As cold as she was in Syracuse that year, Moore said her thoughts were always with her husband in Korea.

‘It was very cold,’ she said, ‘and he was sleeping in a tent in the middle of winter.’

The carnival Moore knew in the 1950s continued to grow. In 1966, the university approved the largest budget ever granted to a university weekend: $26,000.

By 1968, when the student body became more politically involved with the war in Vietnam, snow sculptures were politicized. Theta Chi won the competition in 1968 for its ‘Johnson 1868 to Johnson 1968’ sculpture of President Lyndon Baines Johnson. A sign next to Johnson’s face read, ‘It’s still snowing,’ an intended critique of the president.

 

Modern meltdown

By the late 1960s, the weekend’s expansiveness had petered out as political activeness and a draft garnered most student attention. A revival in 2003 attempted to bring the weekend back but was ironically postponed because of too much snow. The rescheduled carnival attracted only four students for the wacky winter olympics, according to a story in The Post-Standard.

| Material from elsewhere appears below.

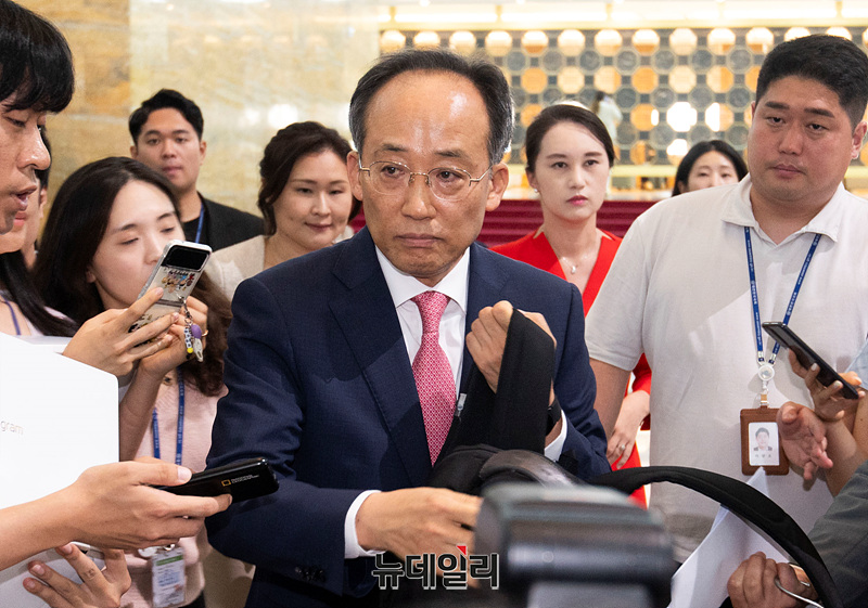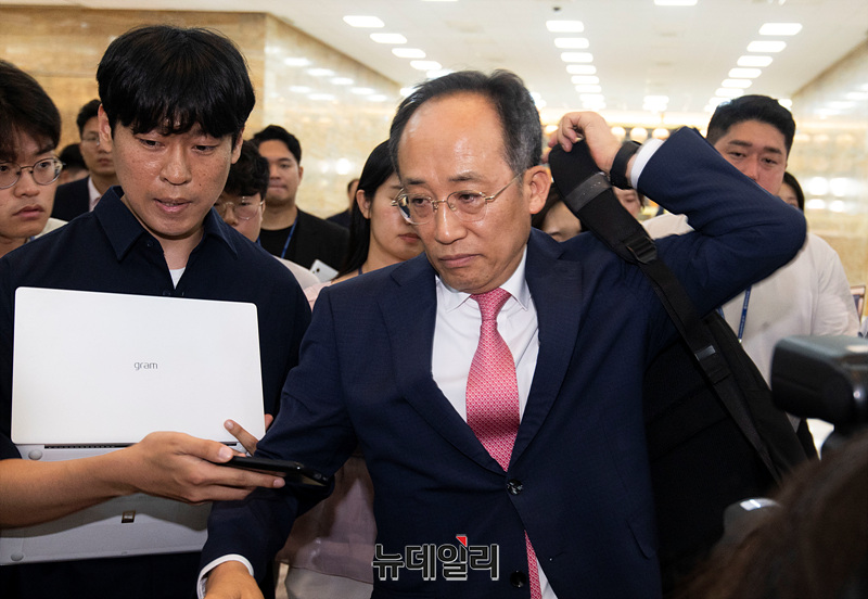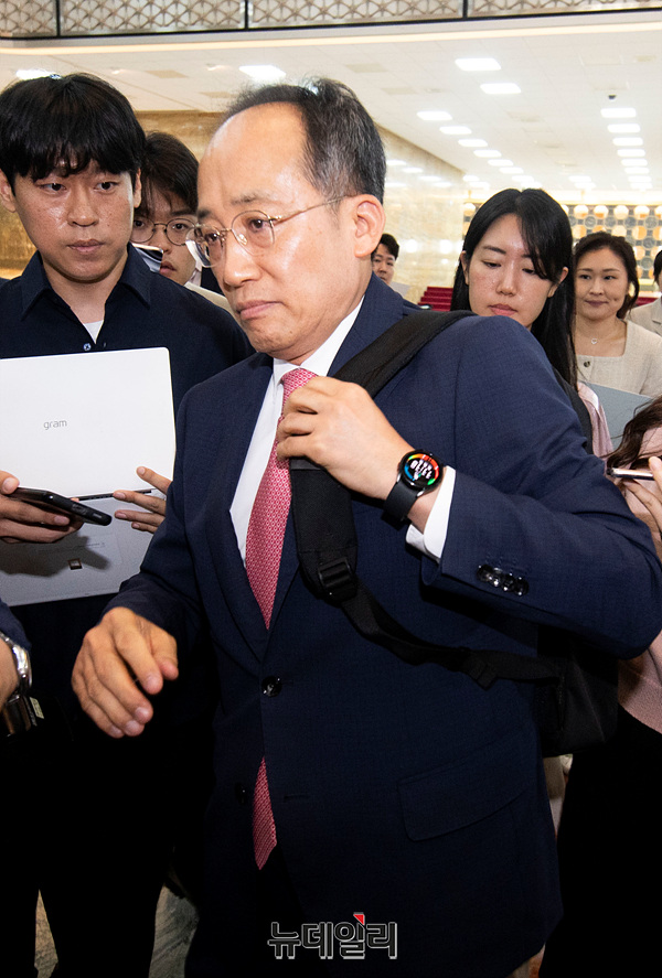 추경호 국민의힘 원내대표가 24일 오전 서울 여의도 국회 로텐더홀에서 '국회 정상화를 위한 대국민 입장 발표'를 마치고 이동하고 있다.
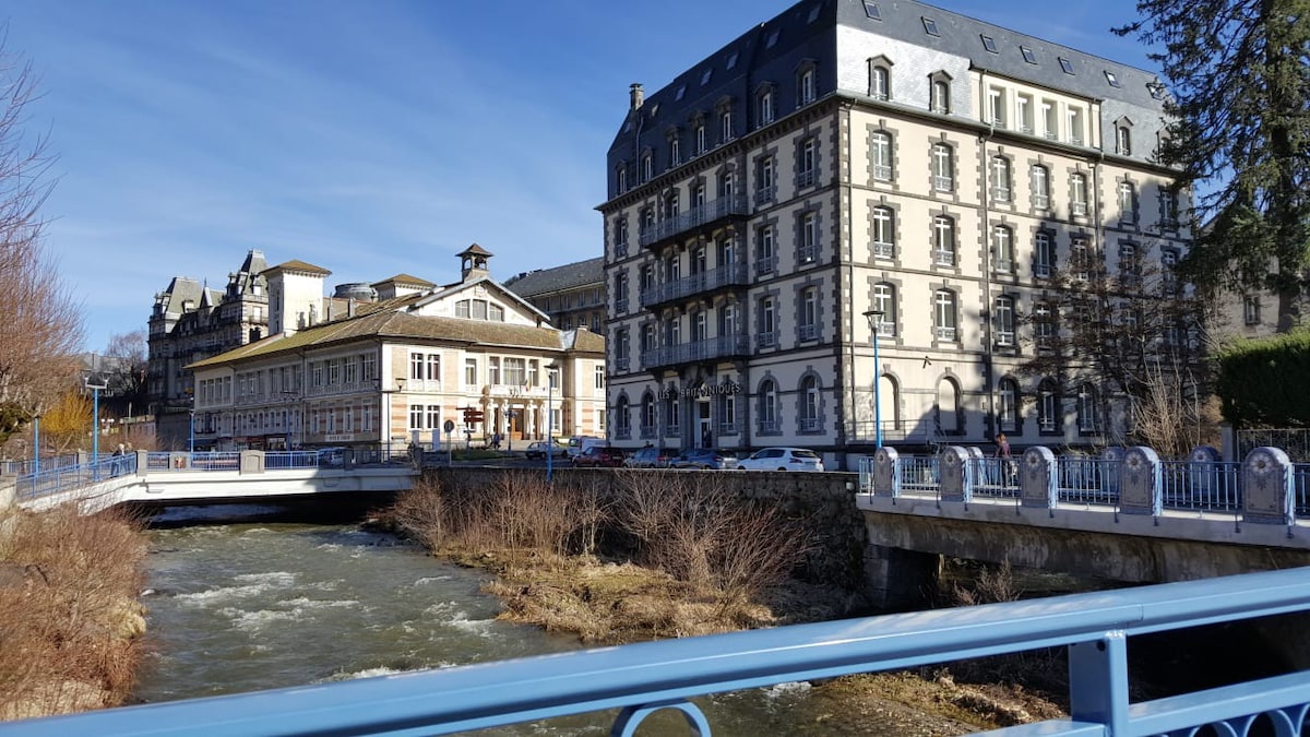 Appt de 49m2 en plein centre ville de la Bourboule, vous trouverez la place principale, les restaurants, les magasins, le casino, les Thermes, le parc fenestre, tout est accessible à pied.... Il y a beaucoup de parcours de randonnées.... En période hivernale une navette vous emmène en bas des pistes du Mont Dore. Il possède une cave pour stocker skis,vélos..... Vous trouverez un service à raclette, cafetière, ventilateur, sèche cheveux.... Il y a de l’espace et très lumineux.

Since its revival in 2003, the Winter Carnival has become a different kind of celebration. The competitive skiing and ice skating has been replaced with more fun, carefree activities, such as human dogsled races, snow shoeing and chili cook-offs. Skating outside turned into skating indoors at the Tennity Ice Skating Pavilion. The snow sculpture contest that once boasted roof-high replicas of the Statue of Liberty and Crouse College now attract a much smaller group with far more modest creations.

In 2005 students turned out to break the record for the world’s largest snowball, but in 2006 only 13 people turned up to break the snow angel record (1,780 short of breaking that record).

But today’s 25-member Traditions Commission doesn’t see recent winter carnivals as a decline in spirit but as a different vocalization of school pride.

‘Today spirit is just expressed in a different way,’ said Courtney Jones, the Tradition Commission’s consultant and Student Life program coordinator. ‘And that’s reflective of the culture of campus and of America. Today it’s perfectly acceptable to make your Facebook status ‘Can’t wait for Winter Carnival.’ It’s different, but it doesn’t mean there’s less passion for the school.’

Jones hopes to see this year’s event bring the campus together.

‘It’s a large campus, and there are certain times when we all pull together — usually it’s for sports — but I hope Winter Weekend has that effect, so whether you talk to an alum of ‘56 or ‘78 or 2013, they all experienced Winter Carnival in some way, shape or form.’

Matfess, the current co-chair, ended the Winter Carnival meeting Friday by emphasizing the importance of using Twitter, Facebook and Foursquare to get the message out about this year’s events.

She’s excited about the coming week but said she can’t help feeling a bit envious of the Winter Weekends of days gone by.

‘I wish I was a student in 1950 all the time,’ Matfess said. ‘It’d be great to see it at its prime. But that’s kind of what we’re trying to do here by bringing Winter Carnival back to its roots. It’s still all about beating the winter blues.’